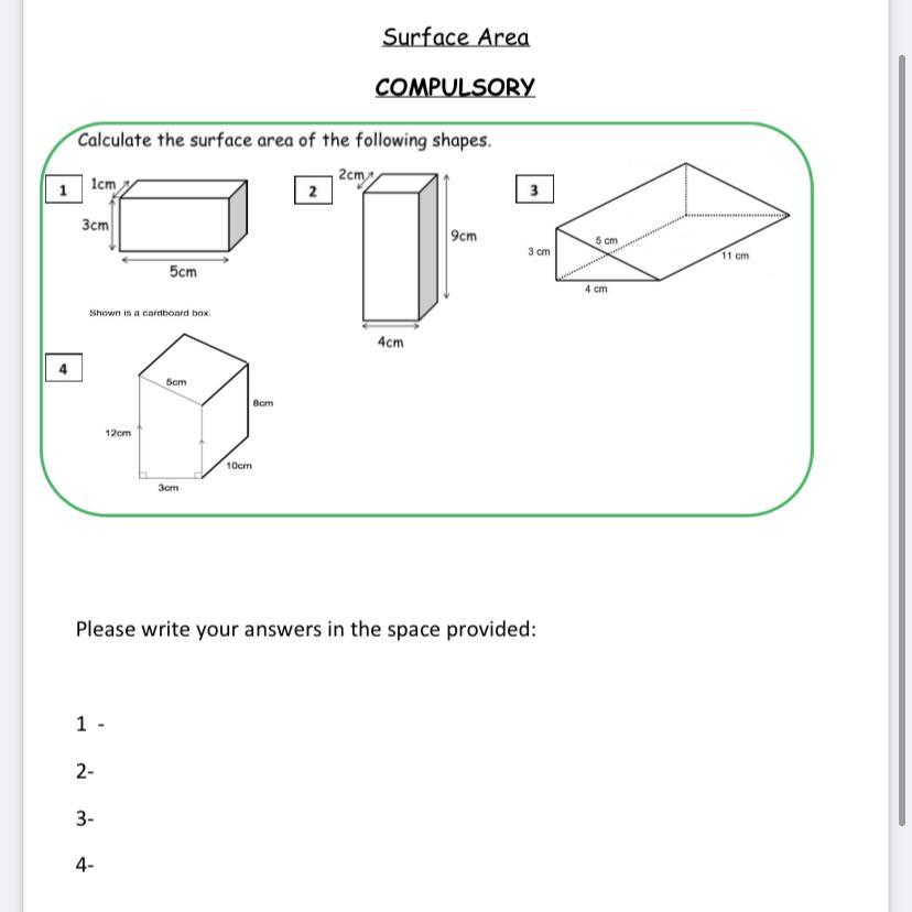 4) lets work out the easy ones first using the same formula from question 1 for one surface area but this is a trapezium, which is a irregular quadratical shape so the sides would most liky be different from each other except the front and back.
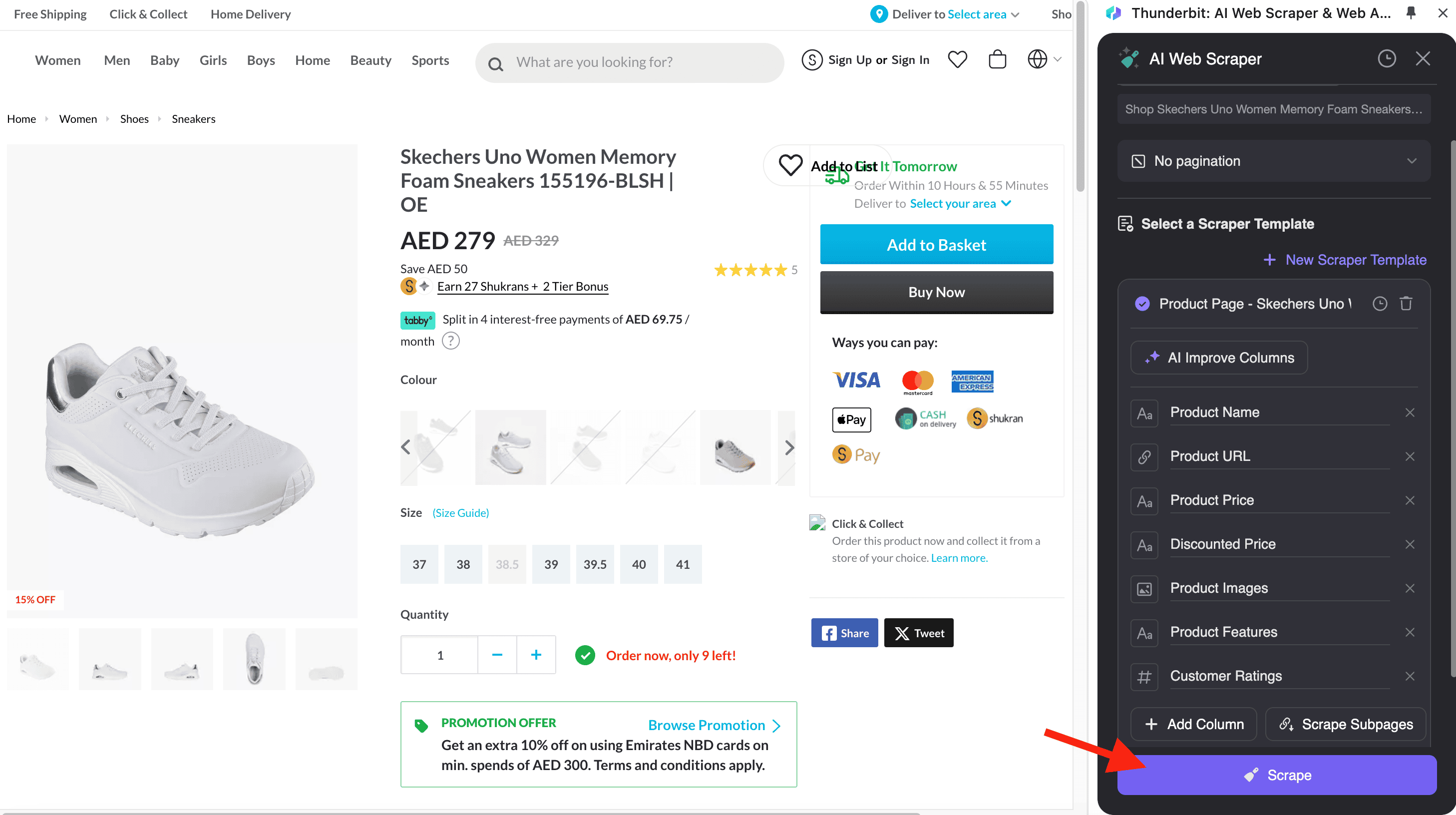 - Navigate to the Centrepoint Page: Go to the Women's Sneakers Listing Page or SKU Page you want to scrape.
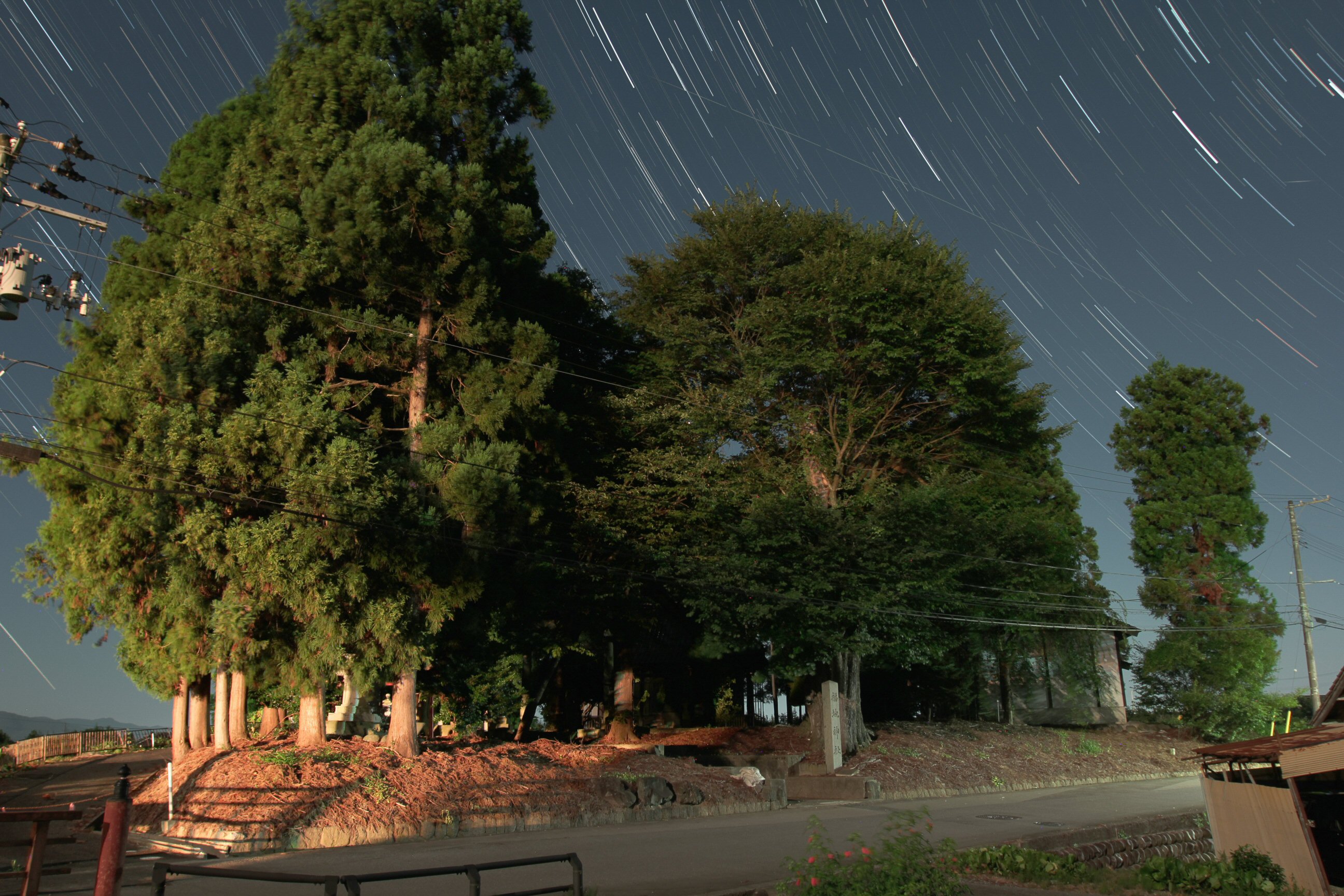 画像を横切るように何本もの電線が走っておりますが、私の星景写真では避けることができないものはあるがままに撮影することにしています。
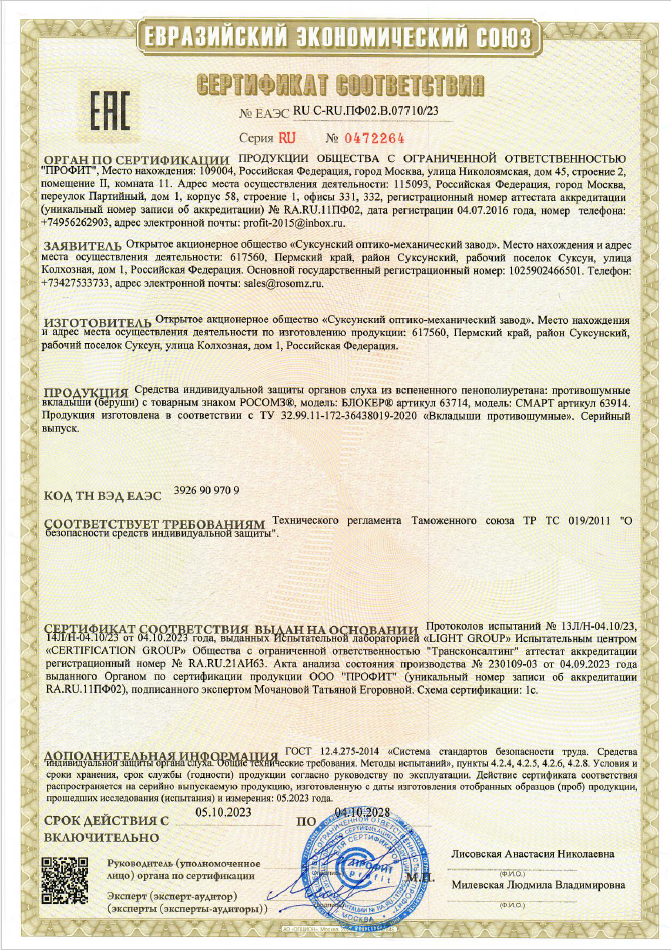 Противошумные вкладыши изготовлены из мягкого гипоаллергенного вспененного полиуретана, принимают форму слухового канала.
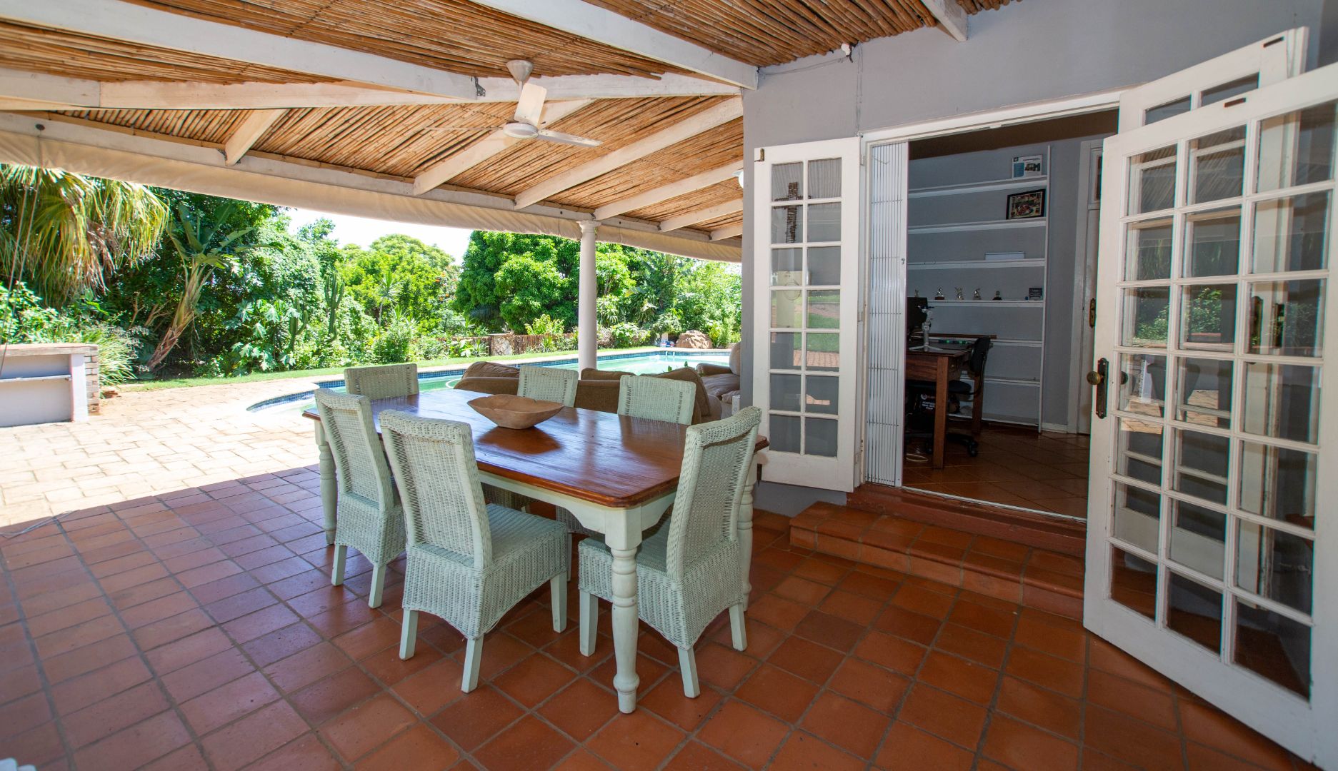 A beautiful family home with large spacious rooms and high ceilings, a traditional Durban North home close to all amenities with the feeling of being in the Midlands with the lush garden surrounding the property.
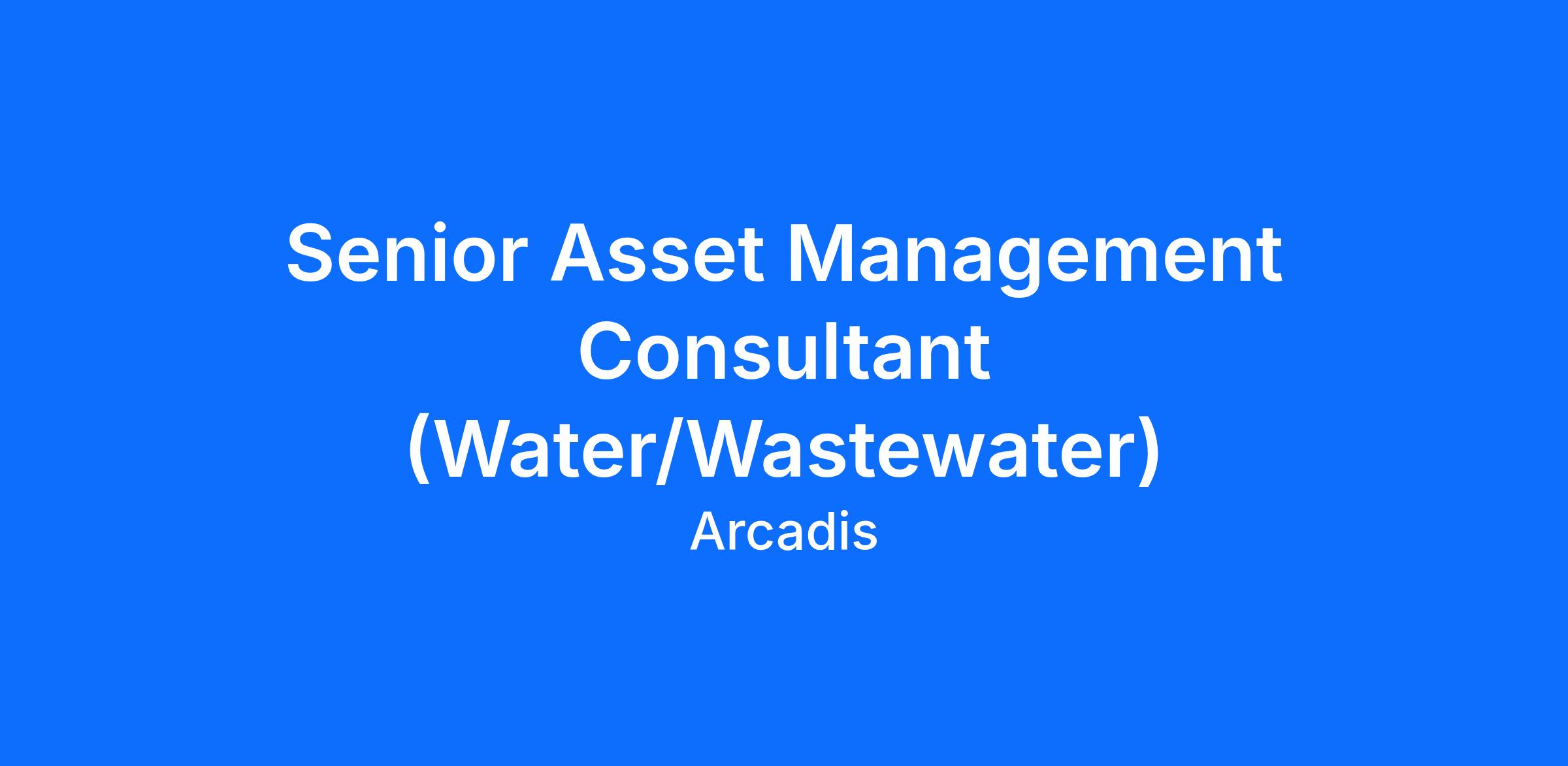 Arcadis is seeking a Senior Asset Management Consultant to join our Resilience Water Team and work on a variety of engagements with our Asset Management practice nationally. This role will be based out of our Arlington, Virginia office.
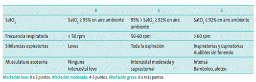 La bronquiolitis se define como aquella patología respiratoria que afecta a las vías respiratorias inferiores con un número mayor de casos en pacientes menores de 1 año y que ocupa un gran porcentaje de ingresos hospitalarios, causando un daño en el epitelio respiratorio de las células y una respuesta inflamatoria que ocasiona necrosis y edema bronquial, con aumento de producción de moco y estrechando la vía aérea. (1) (7) (8) (10). La gravedad de esta dificultad puede ser valorada por escalas que evalúan ciertos parámetros como frecuencia respiratoria, frecuencia cardíaca, ruidos respiratorios y determinación de saturación de oxígeno (1) (10).
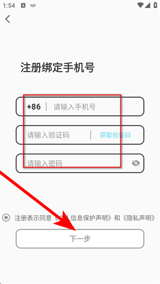 4、進(jìn)入注冊綁定手機號頁面,依次輸入手機號、驗證碼以及密碼,最后點擊下一步按鈕。
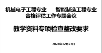 12月27日下午2:00,机电-智能制造联合组全体教师通过腾讯会议召开了合格评估工作专题会议,会议主题为教学资料专项检查整改要求。本次会议由机电系主任叶仁虎老师主持。
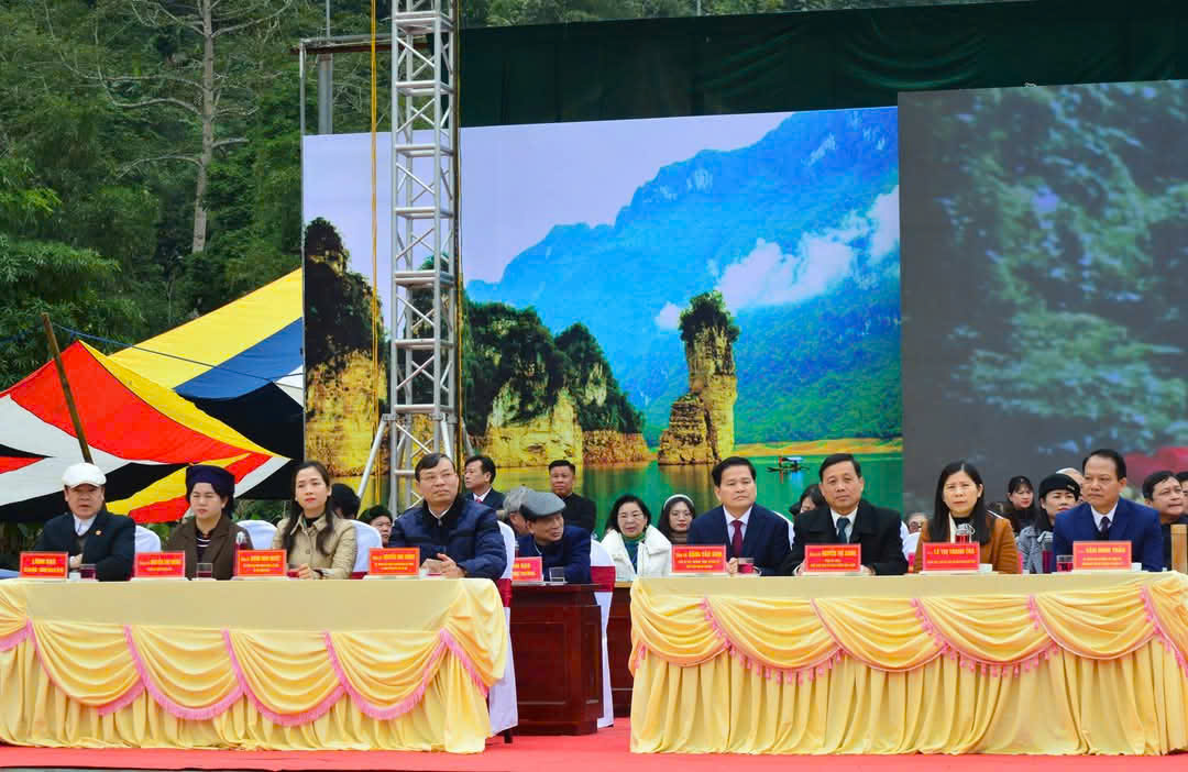 Các đồng chí đại biểu tham dự Lễ hội Lồng tông, Ngày hội Văn hoá các dân tộc huyện Lâm Bình năm 2025
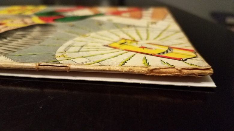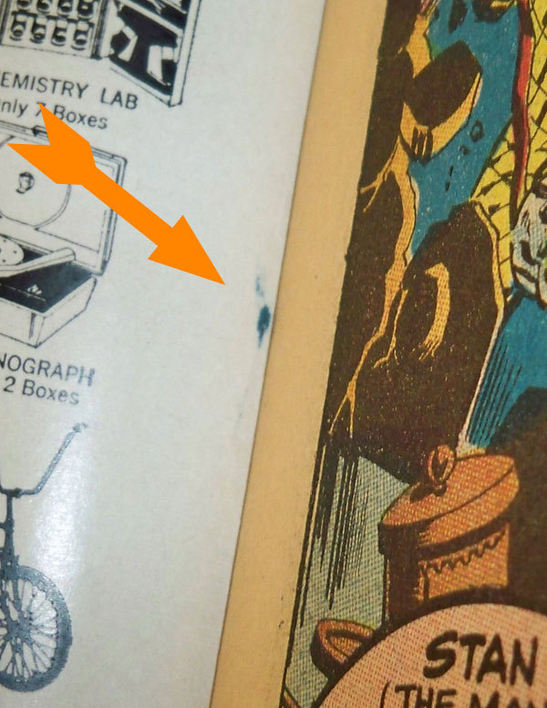 Here's an example of the tell-tale signs of color touch that has bled through the front cover, probably done with a Flair or Sharpie.![]() |
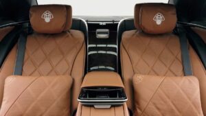 Внутри продолжается роскошный подход, с обивкой из шелковой коричневой кожи Наппа, высокоблестящей коричневой обшивкой из орехового дерева и бриллиантовой крышкой.

+ + +

Exercise instructions
Beginning with the first line of the entries above, repeat each line word for word until the line with "- Navigate to" has been given too. Omit the pictures.

Answer space
 4) lets work out the easy ones first using the same formula from question 1 for one surface area but this is a trapezium, which is a irregular quadratical shape so the sides would most liky be different from each other except the front and back.
 - Navigate to the Centrepoint Page: Go to the Women's Sneakers Listing Page or SKU Page you want to scrape.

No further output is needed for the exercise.